Task description:
Omit the pictures and reproduce the rest of the listing exactly.

Supplied data:
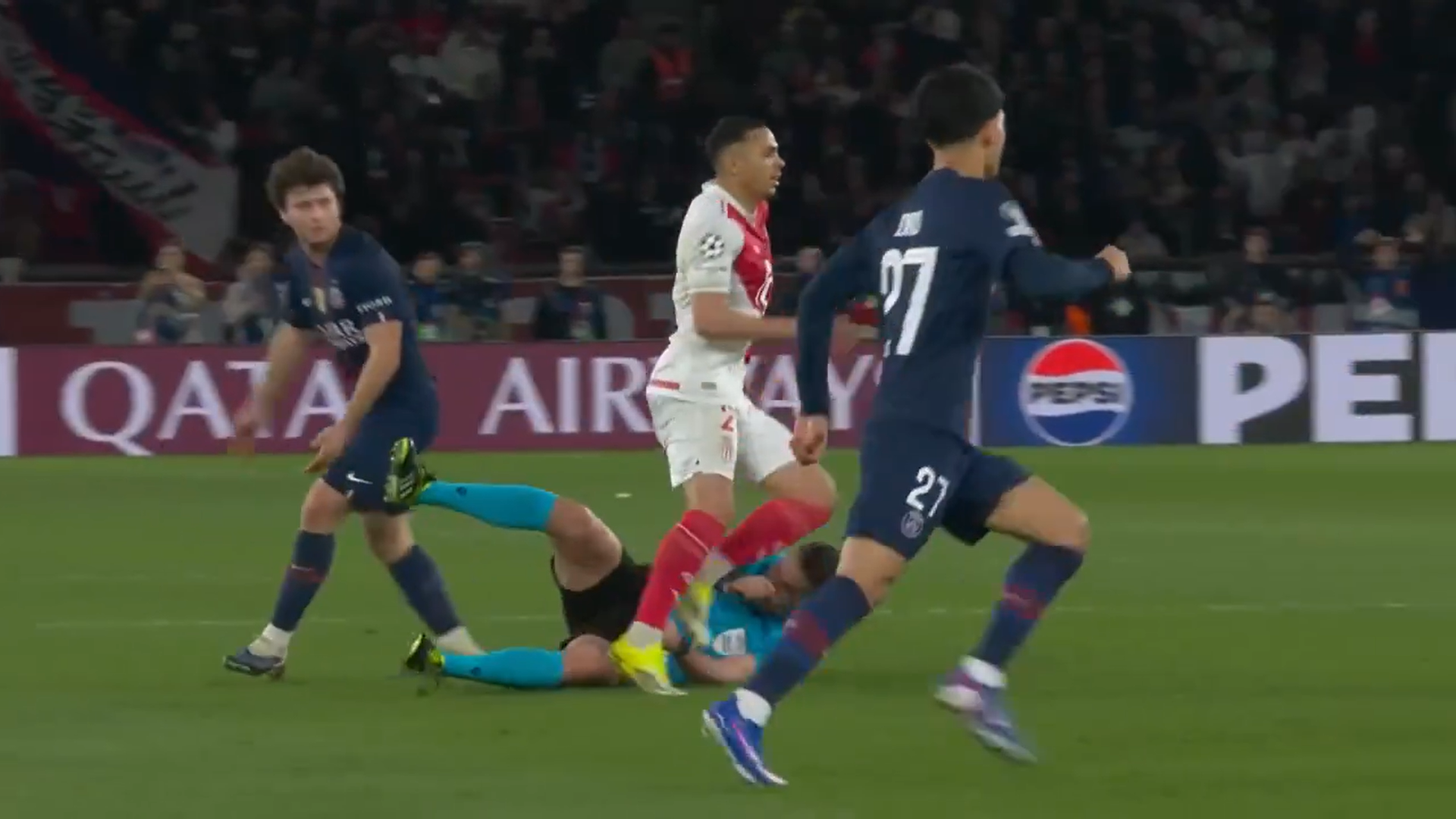 Era 1-0 în favoarea lui AS Monaco în acel moment, dar după eliminarea lui Coulibaly, balanța a înclinat în favoarea lui PSG, care a marcat rapid de două ori prin Marquinhos (minutul 60) și Kvaratskhelia (minutul 66).
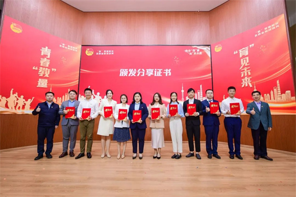 张伟同志、任浡同志为十名青年教师颁发分享证书。少先队员代表献上鲜花并表示将接过时代接力棒,学习奋斗精神,展现青春风采。
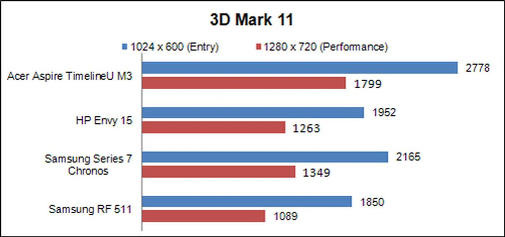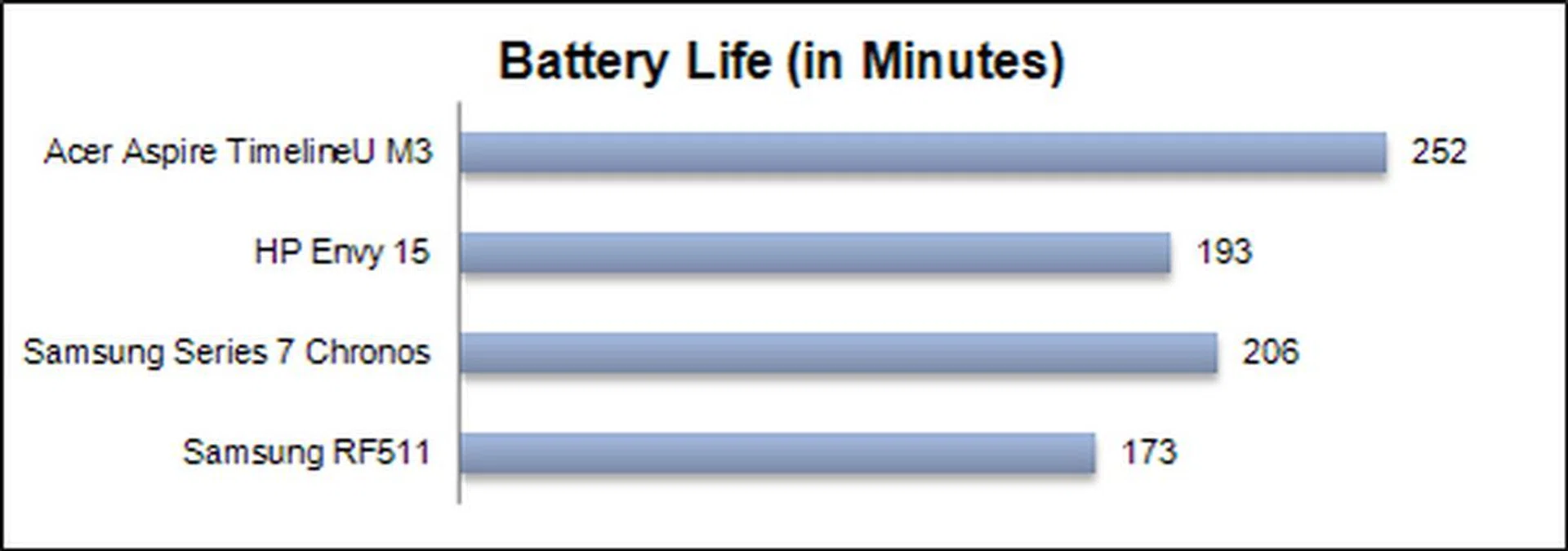 This is definitely better than the Dell XPS 15z, Toshiba Satellite P755, Samsung RF511 and HP Envy 15. The Samsung Series 7 Chronos comes in second place amongst the 15.6-inch class notebooks, but the Acer Timeline Ultra M3 tops them all easily as it had longer batter life, compact dimensions and lighter weight. Of course, you would also have to note that the Acer's processing platform is of a lower class that helped it shed off a lot of excess baggage compared to conventional multimedia notebooks.
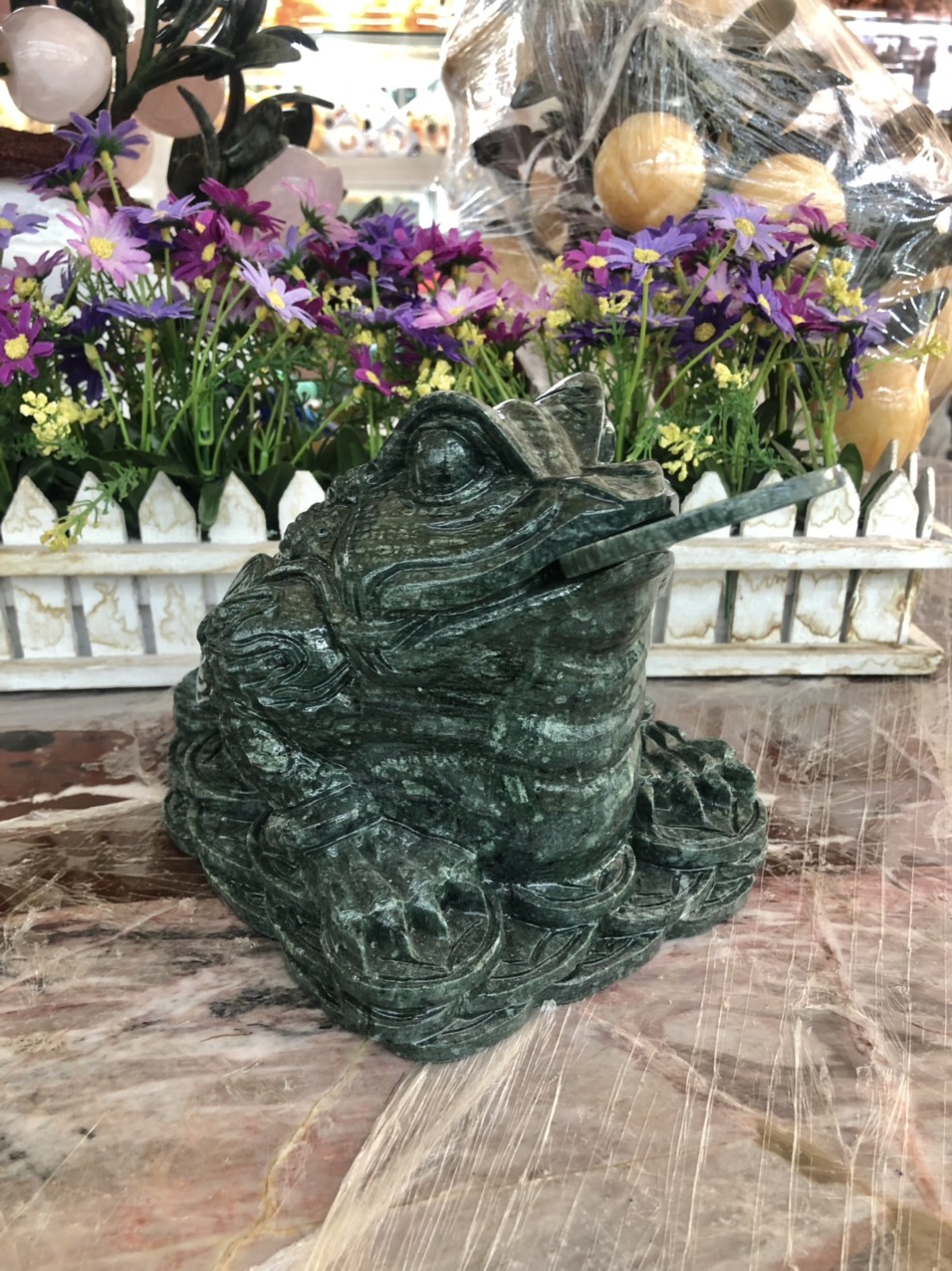 ✨Tượng Cóc Ba Chân, Cóc Ngậm Tiền, Thiềm Thừ phong thủy chiêu tài lộc đá ngọc Ấn Độ - Dài 20 cm

Solution for this task:
 Era 1-0 în favoarea lui AS Monaco în acel moment, dar după eliminarea lui Coulibaly, balanța a înclinat în favoarea lui PSG, care a marcat rapid de două ori prin Marquinhos (minutul 60) și Kvaratskhelia (minutul 66).
 张伟同志、任浡同志为十名青年教师颁发分享证书。少先队员代表献上鲜花并表示将接过时代接力棒,学习奋斗精神,展现青春风采。
 This is definitely better than the Dell XPS 15z, Toshiba Satellite P755, Samsung RF511 and HP Envy 15. The Samsung Series 7 Chronos comes in second place amongst the 15.6-inch class notebooks, but the Acer Timeline Ultra M3 tops them all easily as it had longer batter life, compact dimensions and lighter weight. Of course, you would also have to note that the Acer's processing platform is of a lower class that helped it shed off a lot of excess baggage compared to conventional multimedia notebooks.
 ✨Tượng Cóc Ba Chân, Cóc Ngậm Tiền, Thiềm Thừ phong thủy chiêu tài lộc đá ngọc Ấn Độ - Dài 20 cm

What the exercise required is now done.